NVIDIA GF104 - Full Implementation, No Disabled Logic

The biggest and most visible change is that NVIDIA beefed up the number of various execution units per SM. The 32 CUDA cores from GF100 are now 48 CUDA cores, while the number of SFUs went from 4 to 8 along with the texture units. As a result, per SM GF104 has more compute and more texturing power than a GF100 SM. This is how a “full” GF104 GPU has 384 CUDA cores even though it only has half the number of SMs as GF100.

One thing we haven’t discussed up until now is how an SM is internally divided up for the purposes of executing instructions. Since the introduction of G80 in 2006, the size of a warp has stayed constant at 32 threads wide. For Fermi, a warp is executed over 2 (or more) clocks of the CUDA cores – 16 threads are processed and then the other 16 threads in that warp are processed. For full SM utilization, all threads must be running the same instruction at the same time. For these reasons a SM is internally divided up in to a number of execution units that a single dispatch unit can dispatch work to:

  • 16 CUDA cores (#1)
  • 16 CUDA cores (#2)
  • 16 Load/Store Units
  • 16 Interpolation SFUs (not on NVIDIA's diagrams)
  • 4 Special Function SFUs
  • 4 Texture Units

With 2 warp scheduler/dispatch unit pairs in each SM, GF100 can utilize at most 2 of 6 execution units at any given time.
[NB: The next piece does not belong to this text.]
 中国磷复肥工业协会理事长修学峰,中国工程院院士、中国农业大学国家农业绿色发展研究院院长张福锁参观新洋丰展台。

It’s also because of the SM being divided up like this that it was possible for NVIDIA to add to it. GF104 in comparison has the following:

  • 16 CUDA cores (#1)
  • 16 CUDA cores (#2)
  • 16 CUDA cores (#3)
  • 16 Load/Store Units
  • 16 Interpolation SFUs (not on NVIDIA's diagrams)
  • 8 Special Function SFUs
  • 8 Texture Units

This gives GF104 a total of 7 execution units, the core of which are the 3 blocks of 16 CUDA cores.

GF104 Execution Units

With 2 warp schedulers, GF100 could put all 32 CUDA cores to use if it had 2 warps where both required the use of CUDA cores. With GF104 this gets more complex since there are now 3 blocks of CUDA cores but still only 2 warp schedulers. So how does NVIDIA feed 3 blocks of CUDA cores with only 2 warp schedulers? They go superscalar.
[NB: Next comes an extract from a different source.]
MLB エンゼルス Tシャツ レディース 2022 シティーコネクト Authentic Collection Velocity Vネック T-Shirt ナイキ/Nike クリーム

In a nutshell, superscalar execution is a method of extracting Instruction Level Parallelism from a thread. If the next instruction in a thread is not dependent on the previous instruction, it can be issued to an execution unit for completion at the same time as the instruction preceding it. There are several ways to extract ILP from a workload, with superscalar operation being something that modern CPUs have used as far back as the original Pentium to improve performance. For NVIDIA however this is new – they were previously unable to use ILP and instead focused on Thread Level Parallelism (TLP) to ensure that there were enough warps to keep a GPU occupied.

NVIDIA GF100 SM

In order to facilitate superscalar operation, NVIDIA made some changes to both the warp scheduler and the dispatch unit for GF104. Each warp scheduler is now connected to 2 dispatch units, giving it the ability to dual-issue instructions. Along with its regular duties, a warp scheduler is now responsible for organizing its superscalar operation by analyzing the next instruction in its warp to determine if that instruction is ILP-safe, and whether there is an execution unit available to handle it. The result is that NVIDIA’s SMs now handle superscalar operation similar to that of a CPU, with the hardware taking the responsibility for dispatching parallel instructions. This in turn means that GF104 can execute a warp in a superscalar fashion for any code and including old CUDA code, allowing it to extract ILP out of old and new code alike. The GF104 compiler in NVIDIA’s drivers will try to organize code to better match GF104’s superscalar abilities, but it’s not critical to the ability.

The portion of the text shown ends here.